* Input for this task
————————

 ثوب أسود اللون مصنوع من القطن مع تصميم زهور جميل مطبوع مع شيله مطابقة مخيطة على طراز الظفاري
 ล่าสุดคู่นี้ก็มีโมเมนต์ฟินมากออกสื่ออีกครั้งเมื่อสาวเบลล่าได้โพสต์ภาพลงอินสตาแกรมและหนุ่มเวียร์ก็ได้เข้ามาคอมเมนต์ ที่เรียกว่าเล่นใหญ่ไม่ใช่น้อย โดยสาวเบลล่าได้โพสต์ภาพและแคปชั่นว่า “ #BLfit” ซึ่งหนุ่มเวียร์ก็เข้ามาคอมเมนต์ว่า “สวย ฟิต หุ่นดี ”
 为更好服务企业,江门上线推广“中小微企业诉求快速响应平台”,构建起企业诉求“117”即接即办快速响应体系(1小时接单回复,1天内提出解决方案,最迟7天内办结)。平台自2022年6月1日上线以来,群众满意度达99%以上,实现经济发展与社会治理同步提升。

————————

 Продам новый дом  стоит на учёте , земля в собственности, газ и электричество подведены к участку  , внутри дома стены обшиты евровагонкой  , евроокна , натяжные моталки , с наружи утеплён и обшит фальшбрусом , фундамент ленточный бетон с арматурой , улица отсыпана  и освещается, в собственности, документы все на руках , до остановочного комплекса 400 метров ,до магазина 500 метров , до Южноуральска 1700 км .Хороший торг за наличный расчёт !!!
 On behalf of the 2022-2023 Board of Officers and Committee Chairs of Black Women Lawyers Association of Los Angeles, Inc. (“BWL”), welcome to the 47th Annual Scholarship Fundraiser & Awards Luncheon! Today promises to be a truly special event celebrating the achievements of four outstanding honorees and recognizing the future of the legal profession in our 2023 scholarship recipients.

————————

* Work task
Exact duplication is required for the lines above, from the line that contains "ثوب أسود اللون" to the line that contains "为更好服务企业,江门上线推广", inclusive; omit all others.

* Response box
 ثوب أسود اللون مصنوع من القطن مع تصميم زهور جميل مطبوع مع شيله مطابقة مخيطة على طراز الظفاري
 ล่าสุดคู่นี้ก็มีโมเมนต์ฟินมากออกสื่ออีกครั้งเมื่อสาวเบลล่าได้โพสต์ภาพลงอินสตาแกรมและหนุ่มเวียร์ก็ได้เข้ามาคอมเมนต์ ที่เรียกว่าเล่นใหญ่ไม่ใช่น้อย โดยสาวเบลล่าได้โพสต์ภาพและแคปชั่นว่า “ #BLfit” ซึ่งหนุ่มเวียร์ก็เข้ามาคอมเมนต์ว่า “สวย ฟิต หุ่นดี ”
 为更好服务企业,江门上线推广“中小微企业诉求快速响应平台”,构建起企业诉求“117”即接即办快速响应体系(1小时接单回复,1天内提出解决方案,最迟7天内办结)。平台自2022年6月1日上线以来,群众满意度达99%以上,实现经济发展与社会治理同步提升。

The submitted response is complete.